Activity: Reproduce exactly the lines of this material that begin at the line with "Additionally, newly created" and end at the line with "Villeroy & Boch", both included. Omit the pictures and everything else.

Data for the task:
Start of Block

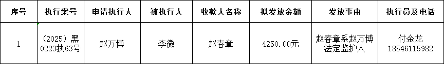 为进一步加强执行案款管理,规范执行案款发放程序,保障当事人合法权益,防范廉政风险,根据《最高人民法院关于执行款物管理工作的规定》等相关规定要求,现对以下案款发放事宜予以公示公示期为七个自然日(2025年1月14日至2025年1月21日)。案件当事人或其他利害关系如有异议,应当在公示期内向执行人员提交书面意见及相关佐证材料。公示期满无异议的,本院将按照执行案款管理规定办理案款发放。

End of Block
Start of Block

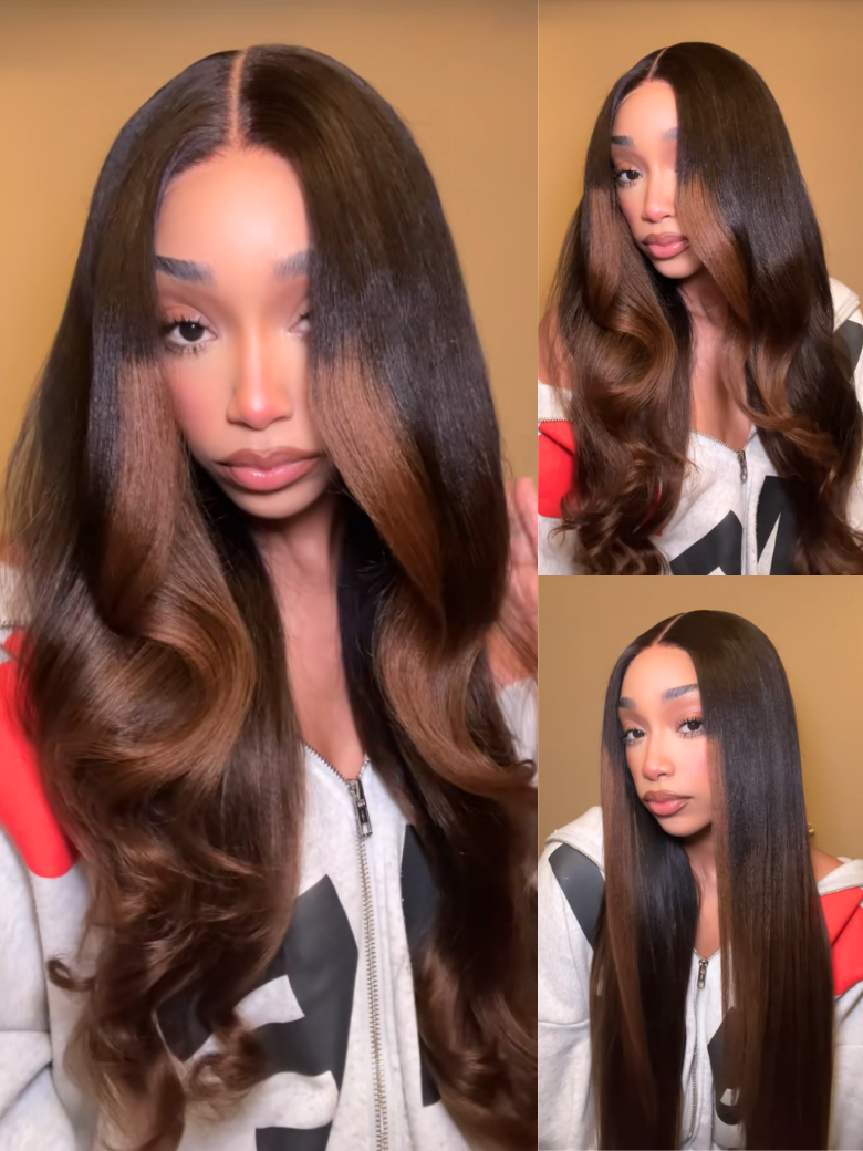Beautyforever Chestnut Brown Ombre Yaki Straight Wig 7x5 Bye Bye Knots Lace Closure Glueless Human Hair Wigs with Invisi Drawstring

End of Block
Start of Block

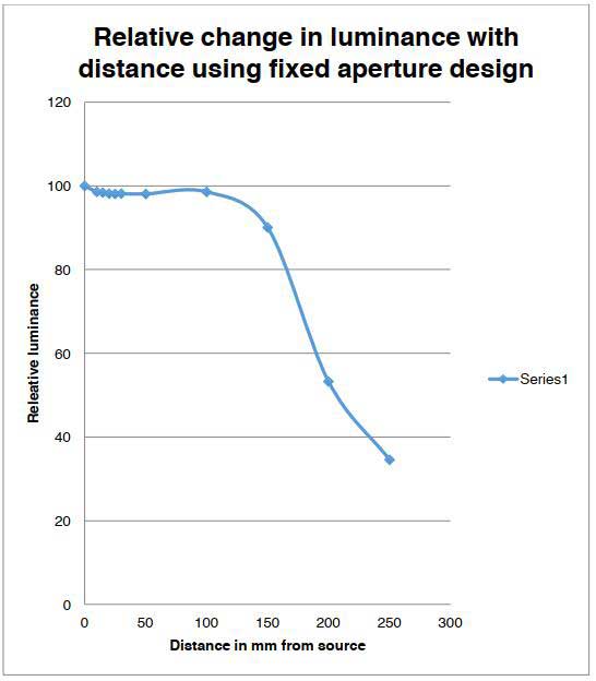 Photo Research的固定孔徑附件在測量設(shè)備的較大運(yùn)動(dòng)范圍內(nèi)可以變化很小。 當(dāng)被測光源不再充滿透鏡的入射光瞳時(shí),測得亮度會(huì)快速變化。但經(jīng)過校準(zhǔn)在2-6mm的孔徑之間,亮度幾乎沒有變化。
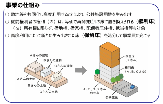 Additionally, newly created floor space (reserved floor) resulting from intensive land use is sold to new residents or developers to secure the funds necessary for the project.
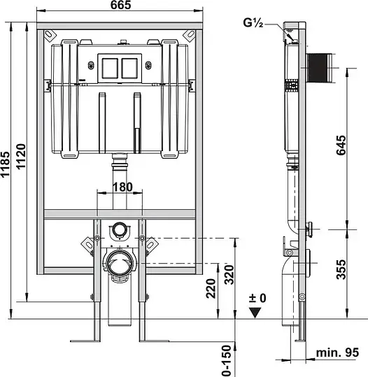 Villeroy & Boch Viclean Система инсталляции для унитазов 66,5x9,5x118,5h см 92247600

End of Block

Answer below:
 Additionally, newly created floor space (reserved floor) resulting from intensive land use is sold to new residents or developers to secure the funds necessary for the project.
 Villeroy & Boch Viclean Система инсталляции для унитазов 66,5x9,5x118,5h см 92247600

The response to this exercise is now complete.